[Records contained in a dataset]
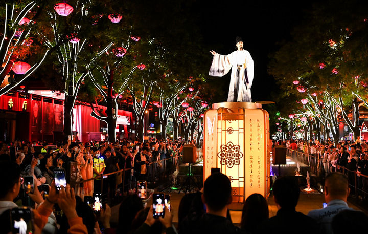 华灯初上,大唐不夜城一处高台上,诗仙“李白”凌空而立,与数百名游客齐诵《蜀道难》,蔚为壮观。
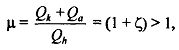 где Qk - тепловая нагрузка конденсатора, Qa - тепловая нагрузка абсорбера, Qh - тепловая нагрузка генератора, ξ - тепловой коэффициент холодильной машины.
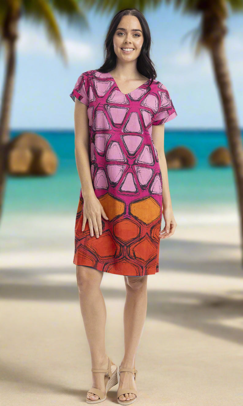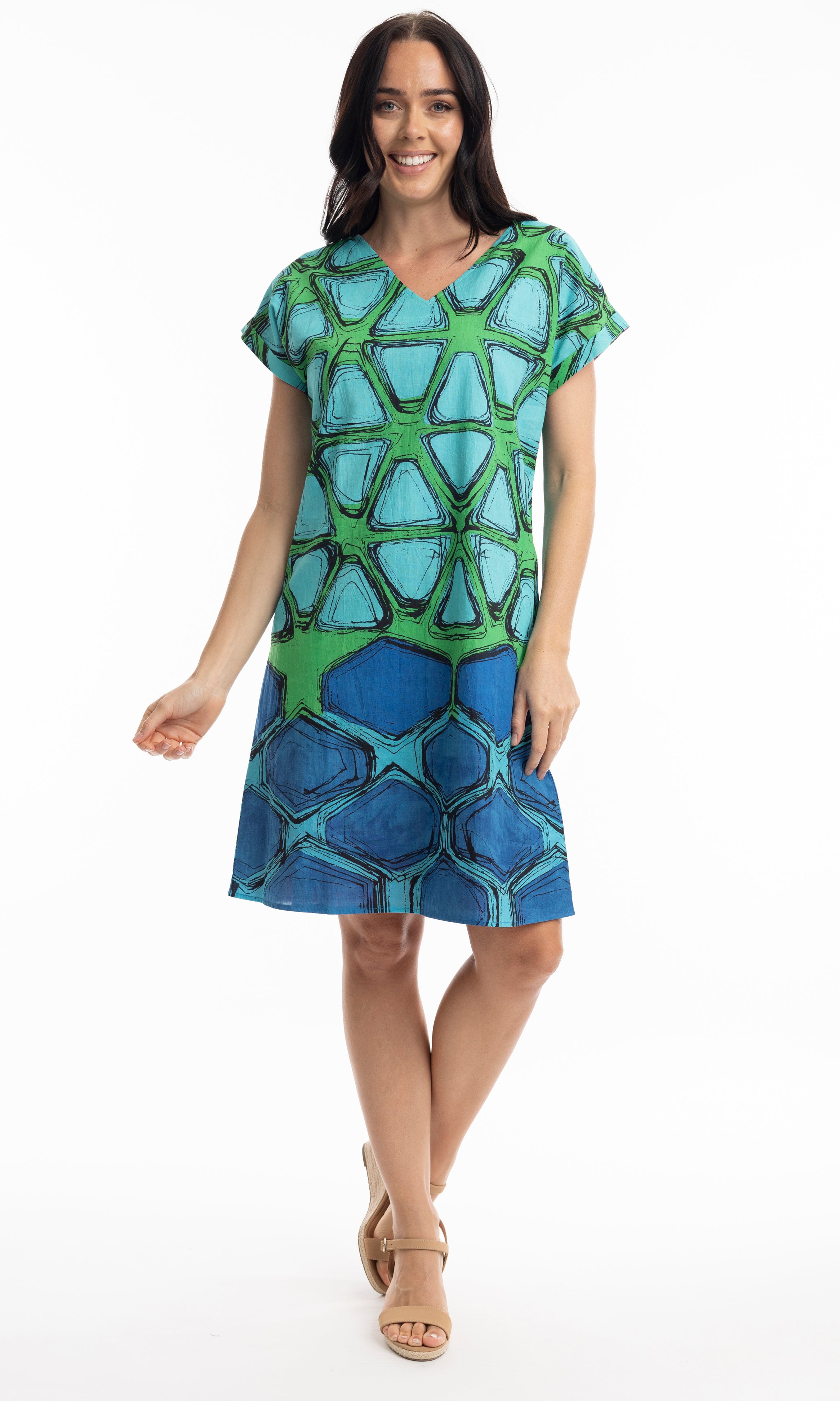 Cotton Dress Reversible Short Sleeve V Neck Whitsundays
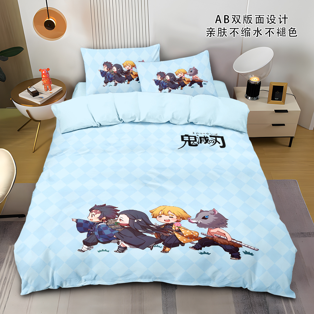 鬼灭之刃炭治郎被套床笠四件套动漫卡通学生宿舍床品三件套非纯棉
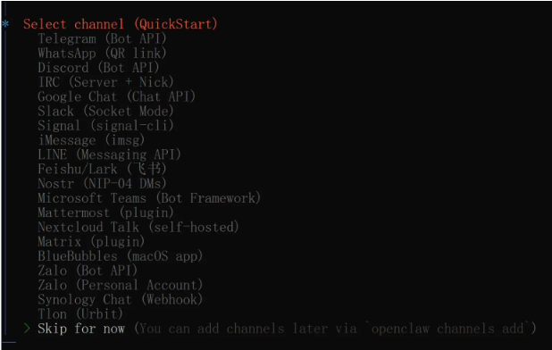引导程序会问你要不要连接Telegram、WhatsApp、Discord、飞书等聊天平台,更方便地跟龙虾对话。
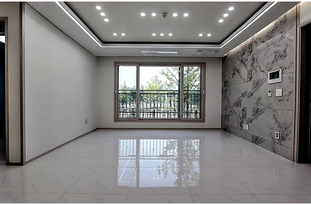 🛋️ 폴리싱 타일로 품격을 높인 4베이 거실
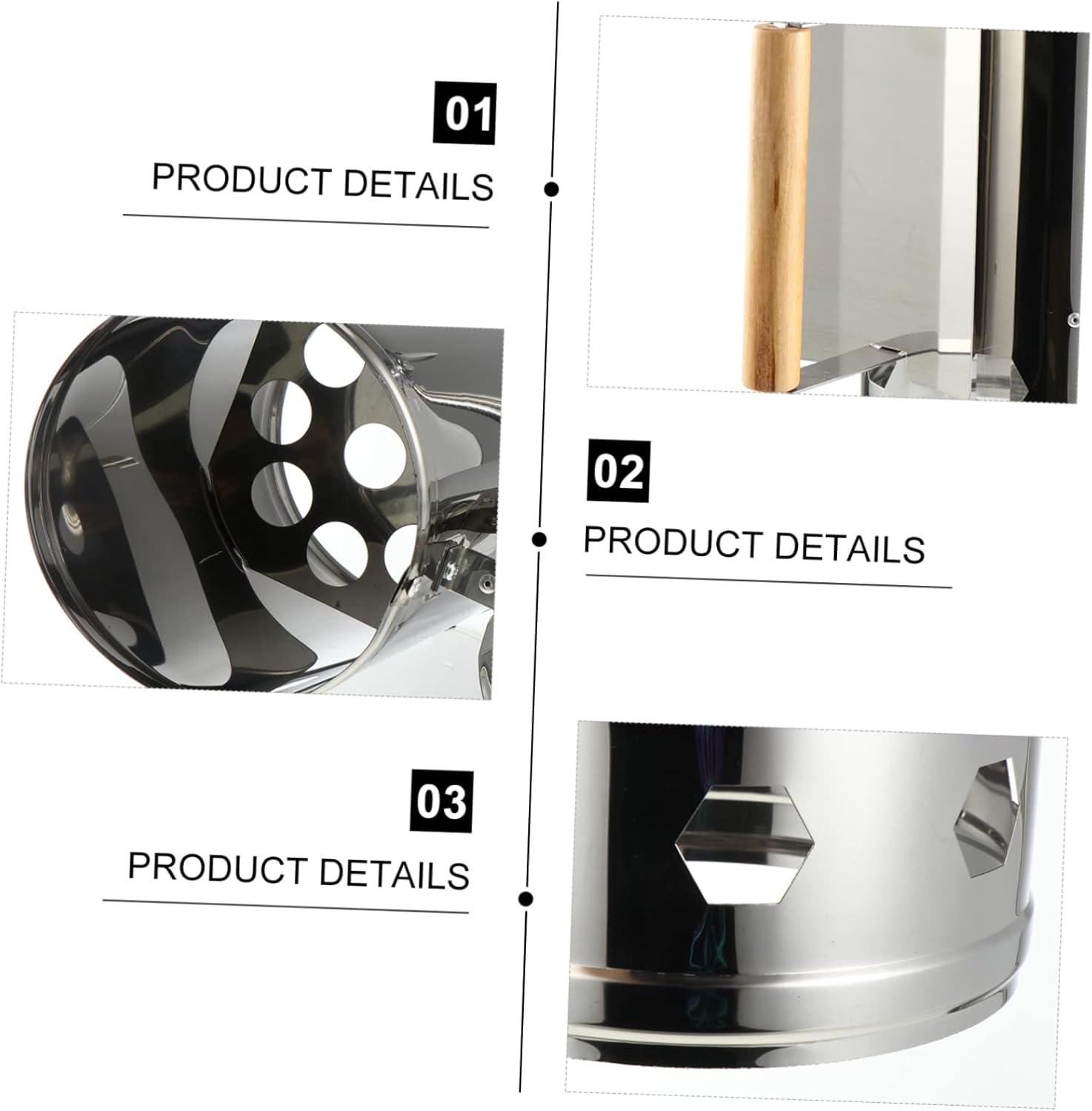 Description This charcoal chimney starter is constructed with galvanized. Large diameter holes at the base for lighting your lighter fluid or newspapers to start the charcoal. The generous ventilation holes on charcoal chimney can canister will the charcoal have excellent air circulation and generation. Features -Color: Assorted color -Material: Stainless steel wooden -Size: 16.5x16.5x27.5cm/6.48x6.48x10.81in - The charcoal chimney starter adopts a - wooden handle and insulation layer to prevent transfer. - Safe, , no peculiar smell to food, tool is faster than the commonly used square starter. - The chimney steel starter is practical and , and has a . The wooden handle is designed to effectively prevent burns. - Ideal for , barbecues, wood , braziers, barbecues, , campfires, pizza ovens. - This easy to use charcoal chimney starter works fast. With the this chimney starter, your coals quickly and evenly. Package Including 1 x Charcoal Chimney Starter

Prompt: Make an exact copy of the data above, pictures excluded.

Result below:
 华灯初上,大唐不夜城一处高台上,诗仙“李白”凌空而立,与数百名游客齐诵《蜀道难》,蔚为壮观。
 где Qk - тепловая нагрузка конденсатора, Qa - тепловая нагрузка абсорбера, Qh - тепловая нагрузка генератора, ξ - тепловой коэффициент холодильной машины.
 Cotton Dress Reversible Short Sleeve V Neck Whitsundays
 鬼灭之刃炭治郎被套床笠四件套动漫卡通学生宿舍床品三件套非纯棉
引导程序会问你要不要连接Telegram、WhatsApp、Discord、飞书等聊天平台,更方便地跟龙虾对话。
 🛋️ 폴리싱 타일로 품격을 높인 4베이 거실
 Description This charcoal chimney starter is constructed with galvanized. Large diameter holes at the base for lighting your lighter fluid or newspapers to start the charcoal. The generous ventilation holes on charcoal chimney can canister will the charcoal have excellent air circulation and generation. Features -Color: Assorted color -Material: Stainless steel wooden -Size: 16.5x16.5x27.5cm/6.48x6.48x10.81in - The charcoal chimney starter adopts a - wooden handle and insulation layer to prevent transfer. - Safe, , no peculiar smell to food, tool is faster than the commonly used square starter. - The chimney steel starter is practical and , and has a . The wooden handle is designed to effectively prevent burns. - Ideal for , barbecues, wood , braziers, barbecues, , campfires, pizza ovens. - This easy to use charcoal chimney starter works fast. With the this chimney starter, your coals quickly and evenly. Package Including 1 x Charcoal Chimney Starter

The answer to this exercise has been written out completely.